The financial institutions seeking to enforce foreclosure of a mortgage or deed of trust sold to a MBST
have compromised the foreclosure proceeding with the introduction of toxic documents. The most
salutary corrective to this problem is to correct the record with the unvarnished truth and prove holder
status without reliance upon a chain of title using spurious documents. Strong legal arguments are
available to support judicial foreclosure in the event of a default of a securitized mortgage using
authentic records and expert testimony.

To those members of the mortgage foreclosure defense bar, a word of caution is provided.
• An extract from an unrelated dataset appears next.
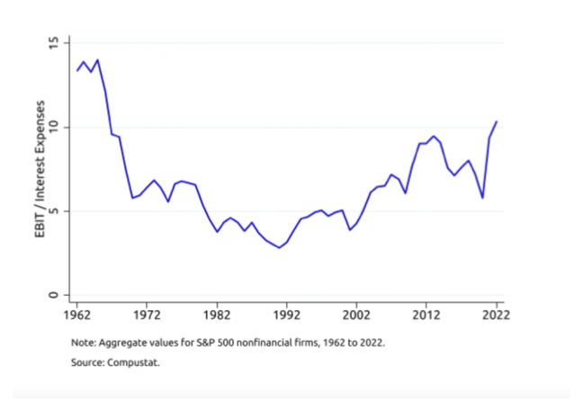 Didelis Corporate Interest rate smukimas leido palūkanų kaštams smukti (smuko kaip dalis nuo EBIT). Kitaip tariant, palūkanų padengimo rodiklis - apibūdinamas kaip EBIT padalintas iš palūkanų kaštų, pagerėjo stipriai. Šiuo metu šis rodiklis stovi labai aukštuose lygiuose lyginant su istorija. Tai rodo, kiek maži yra palūkanų normų kaštai lyginant su EBIT.

Never since
the start of this recession have the lenders been under greater pressure to utilize extra-judicial
settlements of defaults. More and more lenders can quickly resolve the holder status uncertainty by
accepting a deed-in-lieu or a short sale. At the same time, the use of toxic documents has all but made
summary judgment unavailable.

A further word of caution is indicated. The misuse of toxic documents creates civil and criminal liability.
Notwithstanding, such conduct will not necessarily enable the borrower to escape the debt or terminate
foreclosure. It is far more likely that the courts will continue to attempt to use the “four corners
doctrine” and similar reasoning to exclude claims for damages of r actionable liability of the plaintiff or
sponsors of the securitization requiring the defendant instead to bring a separate cause of action for
wrongful foreclosure, abuse of process and malicious prosecution and mortgage fraud.